Tuvo lugar mientras evitábamos escuchar discursos aburridos en el plenario legislativo y planeábamos como defender los intereses de los pequeños cañeros de la Gran Área Metropolitana, amenazados por los grandes cañeros de la bajura.
En una pausa del debate, mi amigo de Grecia se volvió hacia mí y, con fino humor y mejor sarcasmo, me dijo: “… Sabés, he estado pensando: que ironías las de la vida, vos con ese montón de títulos, yo humilde agricultor que he cortado caña y cogido café, y aquí tu voto vale igual que el mío”.
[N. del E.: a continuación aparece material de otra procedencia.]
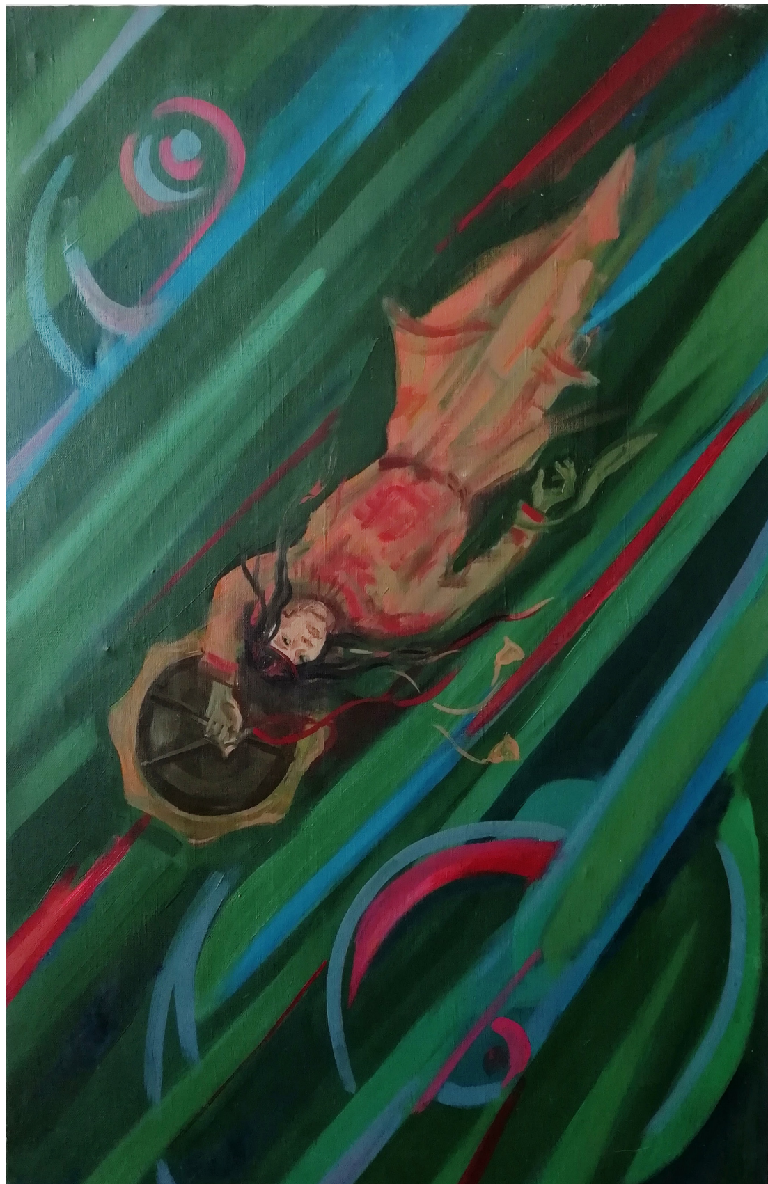
«Полет за счастъем»

Don Gerardo no era un teórico político, pero comprendía perfectamente el profundo sentido democrático de la frase una persona un voto, fundamento de la democracia representativa.
Rasero de igualdad
Lo importante en la democracia no son los títulos, sino la condición de ciudadano; el acceso al poder transita por ese rasero de igualdad mínimo, sobre eso se construyen las instituciones y la práctica política.
En mi caso siempre rechacé las pretensiones de exigir requisitos académicos para el cargo de diputado, como complejos de superioridad de los arrogantes.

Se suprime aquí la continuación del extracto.